The Education Ministry is beginning to close schools in which a significant majority of pupils are of Ethiopian origin, Education Minister Gideon Sa'ar announced yesterday.
Israel says 'no' to racially divided schools
Education Minister Sa'ar orders towns to integrate Ethiopian students into school systems.
By Revital Hoval • Ha’aretz
As a result of discrimination emerging in various schools and parent struggles over the issue, the Education Ministry is beginning to close schools in which a significant majority of pupils are of Ethiopian origin, Education Minister Gideon Sa'ar announced yesterday.
Two such schools - Ner Etzion in Petah Tikva and the Rashbi school in Be'er Yaakov - have already been informed that they are targeted for closure, and that no first grades would be opened in them this year, he said, in an address to the Haifa Education Conference.
Sa'ar also attacked the growing networks of private and ultra-Orthodox schools and decried the fact that they receive funding of up to 75 percent of what the public schools get.
"The risk of exposing the state, state-religious and Arab schools systems to unfair competition that is funded by the state endangers the future of Israeli society," he said. "This funding comes on top of very high payments by parents, which creates a situation that draws out the well-to-do pupil [from the public system].
"Public education is thus confronting a challenge coming from this private education, which isn't even private because it's [publicly] funded," he said.
In explaining the move to close mostly Ethiopian schools, Sa'ar blamed "the creation of homogeneous schools," as he put it, on the concentration of Ethiopian immigrants in specific neighborhoods and towns, court rejection of integration policies that had been attempted by former Education Minister Limor Livnat and racism, which "spurred other families to abandon these schools.
"I have thus instructed all the [ministry's] district directors to prepare, within a month, a multiyear plan that will fundamentally change this reality by closing down schools in which all, or the overwhelming majority, of pupils are from the Ethiopian community," he said.
"It's true most schools are integrated, but if there are even 20 schools and kindergartens like this, it's a phenomenon that must be changed," he said. "We have the cooperation of the Ethiopian community for this.

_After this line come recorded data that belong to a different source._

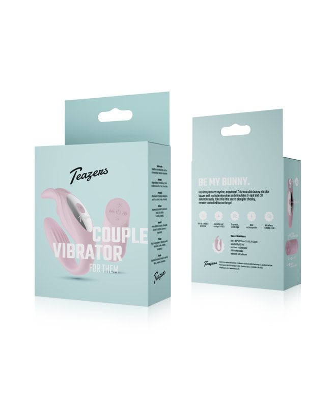 Teazers Bunny parvibrator er laget for å brukes under samleie, og gir stimulering til begge samtidig. Den fleksible C-formen gjør at den sitter godt på plass, med den ene delen innvendig og de myke ørene som ligger mot klitoris. Resultatet er en mer intens opplevelse hvor dere ikke bare fokuserer på deres egen nytelse, og lar dere dele hver eneste bølge sammen.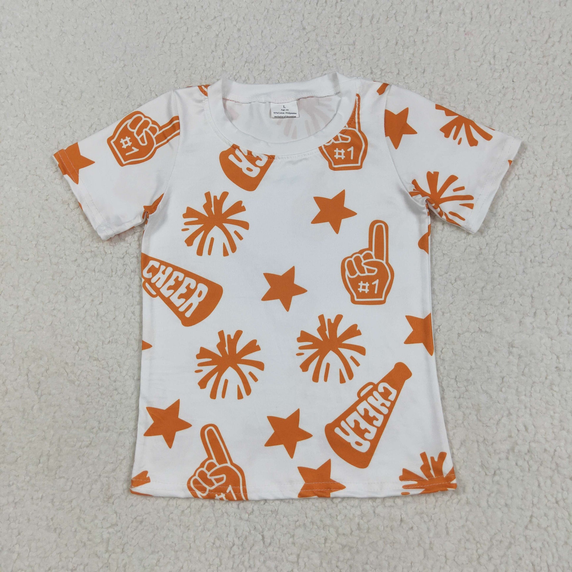 RTS NO MOQ(In Stock) GT1090 Cheer orange fireworks star white short-sleeved top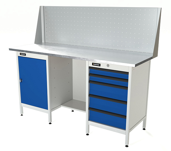 Верстак серии Standart, 1600 мм, оцинк, тумба с дверью + тумба с 5-ю ящиками, экран 500, синий (светло-серый) RAL 5005 (, RUNTEC, RTS16Z-TS0-TS5-P16-5005(7035)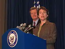 In 1998, Lincoln returned to politics and ran for the Senate seat being vacated by incumbent Senator Dale Bumpers.[20] She defeated her Republican opponent, Fay Boozman, a state senator and the brother of future U.S. Representative John Boozman, 55 percent to 42 percent).[21][22][23]
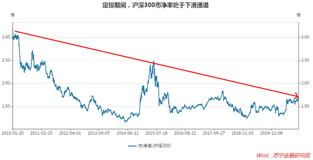 需要特别指出的是,上述定投期间并非精挑细选的结果。股票投资赚两部分钱,估值的钱+盈利的钱。上述定投期间,沪深300市净率从3.17倍降至1.71倍,年化12%的投资成绩,几乎全靠盈利的驱动。这也说明,在A股赚盈利的钱足以提供一个不错的收益率。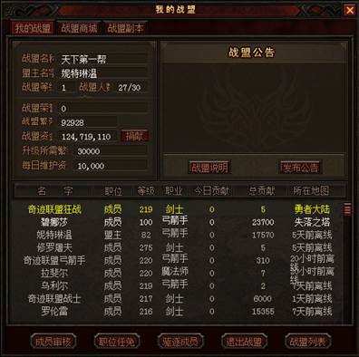 资金捐献:战盟所有成员可点击捐献按键对战盟进行捐献,10000金币=1贡献。战盟资金可以用来升级战盟、开启战盟副本。贡献可用于在战盟商城兑换道具。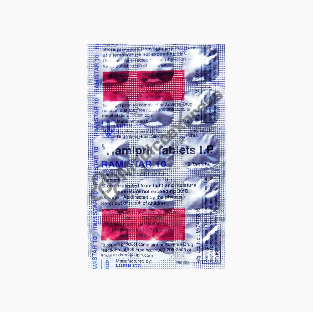 Ramistar 10mg tablets 15's a blood pressure lowering medicine known as a 'angiotensin converting enzyme (ace) inhibitor,' which is primarily used to treat high blood pressure (hypertension) and lessen the risk of suffering a heart attack, stroke, or heart failure.Disclaimer:For more information contact your physician
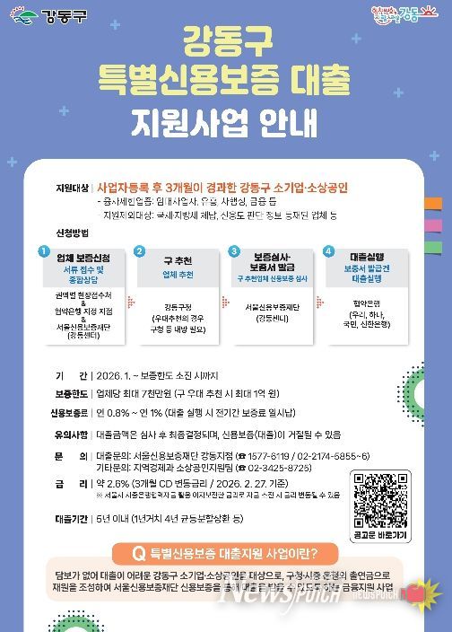 현재 현장 접수처 운영은 종료됐지만, 강동구 소상공인은 서울신용보증재단 강동종합지원센터 또는 4개 협력 은행(국민·신한·우리·하나) 관내 영업점을 통해 보증 한도 소진 시까지 특별신용보증 대출을 신청할 수 있다.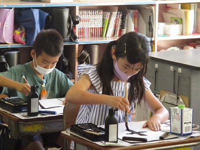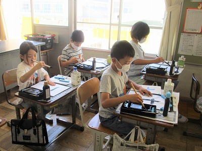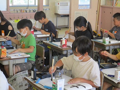 6/16(金)毛筆の授業にも慣れてきました【3年】 公開日 2023/06/16 更新日 2023/06/16 学校日誌 3年生になって、毛筆の授業が始まっています。姿勢、筆の持ち方や動かし方など、普段の鉛筆との違いにも、ずいぶん慣れてきました。堂々と、力強く書いています。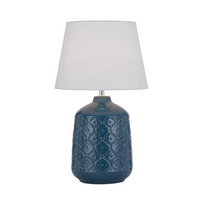 Baci Table Lamp A pleasingly crafted from ceramic with a raised antique motif texture, the Baci glazed table lamp is finished in either a blue, butterscotch or grey glaze. This elegant lamp comes with a fabric shade, designed to complement any look. Adding an elegant touch to any room, the Baci Table Lamp's sleek design and antique motif texture bring a feeling of timeless sophistication to the classic look. With a choice of a blue, butterscotch, or grey glaze and a complementary fabric shade, this table lamp is the perfect addition to your home.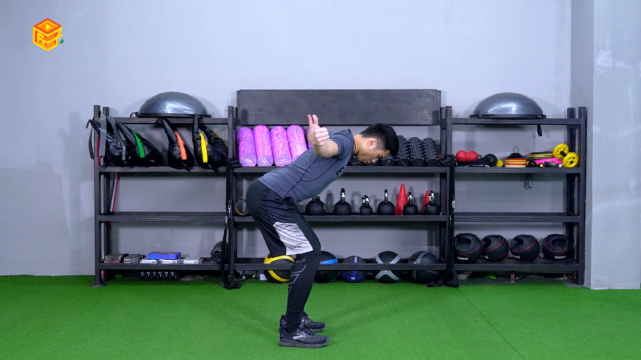 膝盖微曲,然后大拇指朝上,上下摆动;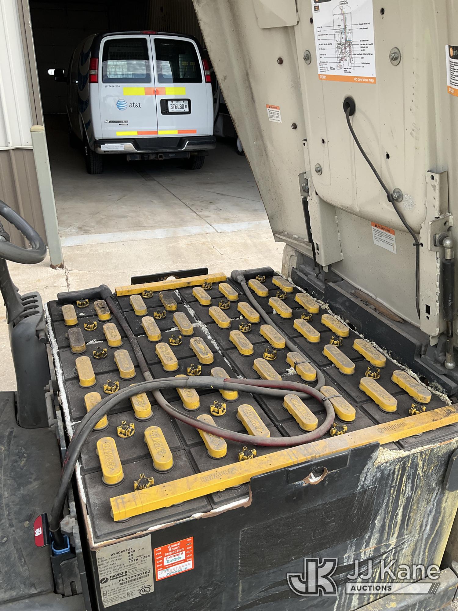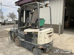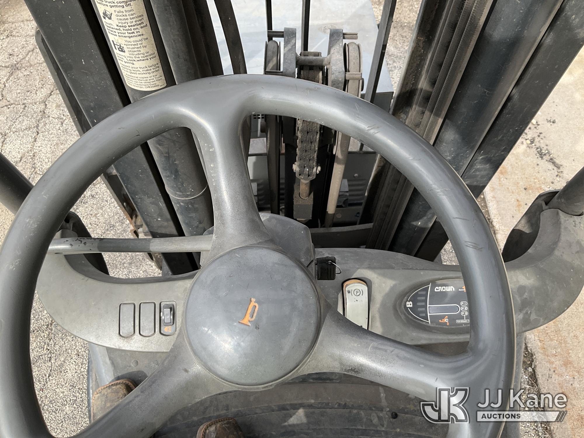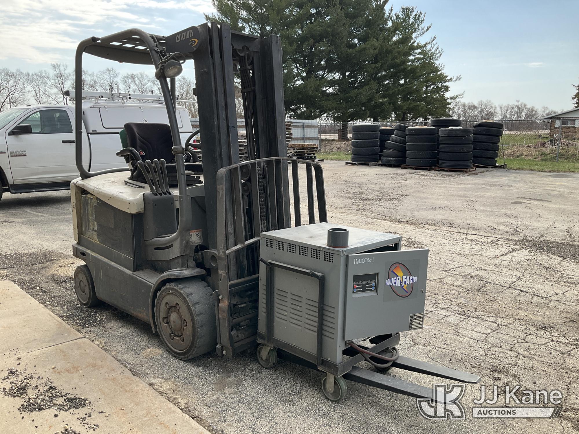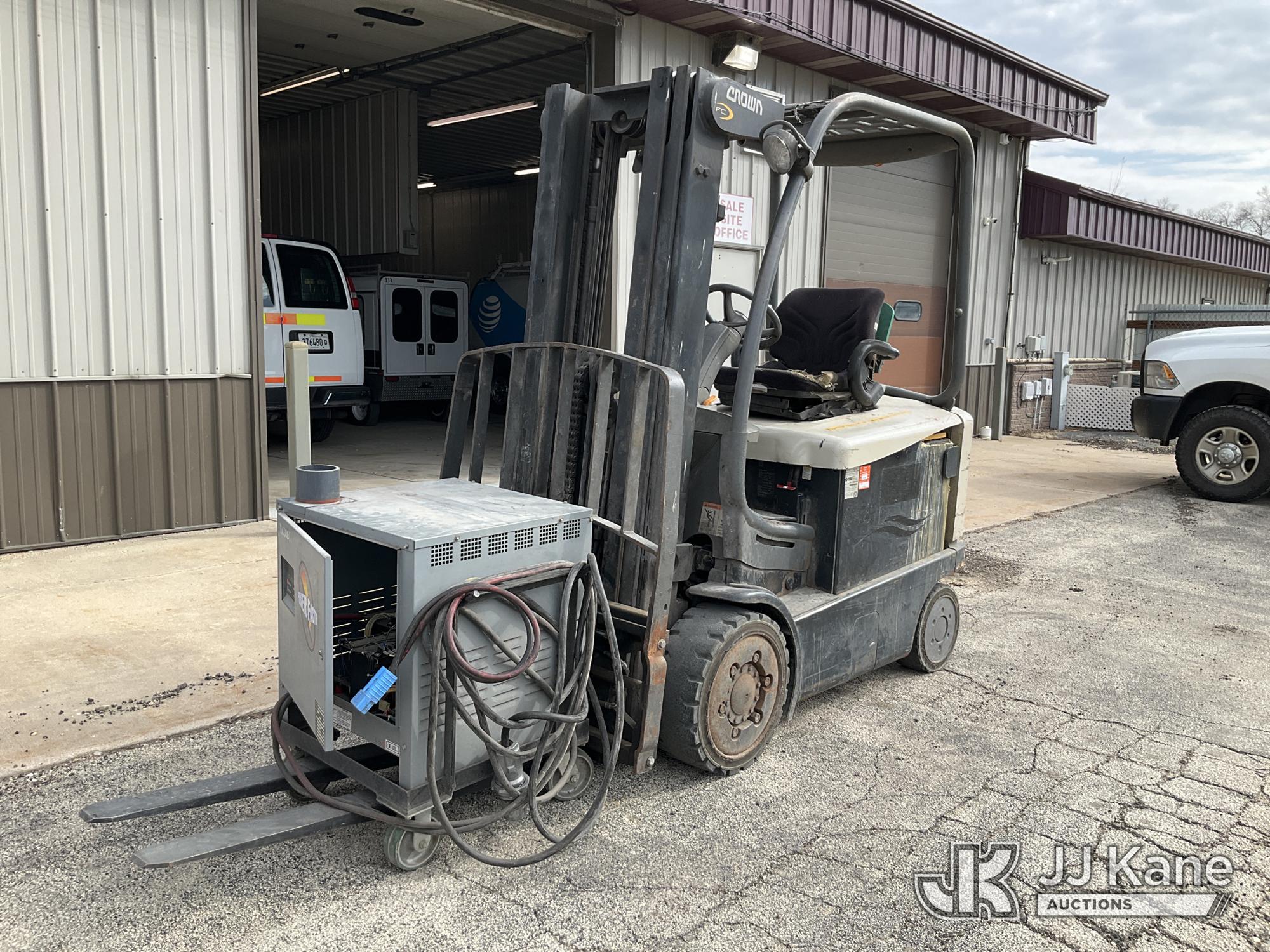 Crown FC 4500 Series Solid Tired Forklift, s/n 9A161731, Battery Shuttle, with 4,550lbs. capacity, 188in. mast height, hyd open/close, hyd side shift, 48in. forks & ROPS, (Runs, Moves, Operates)(Battery Charger Included) (Reads 1,006 hours)*

"It's true that in certain cases, parents would prefer to have their child study in the neighborhood and avoid transportation, but, except in rare cases, it's best for the children to be integrated," he said.
Sa'ar's address was interrupted by hecklers who argued that the Education Ministry had cut 10 days from the special education school schedule, but he denied this, saying that at issue was a request to add 10 more days that has not yet been approved.
In this context Sa'ar referred to the social protest, saying "Today, under the rubric of 'the protest,' one can say anything and get away with it...[but] personal attacks will not bend the system and change things."
At the conference, which was sponsored by the Haaretz group of local newspapers in conjunction with the Haifa municipality, the municipality for the first time awarded an education prize to an outstanding school, and the winner was Hugim High School. The NIS 250,000 prize will be divided among the school's teachers.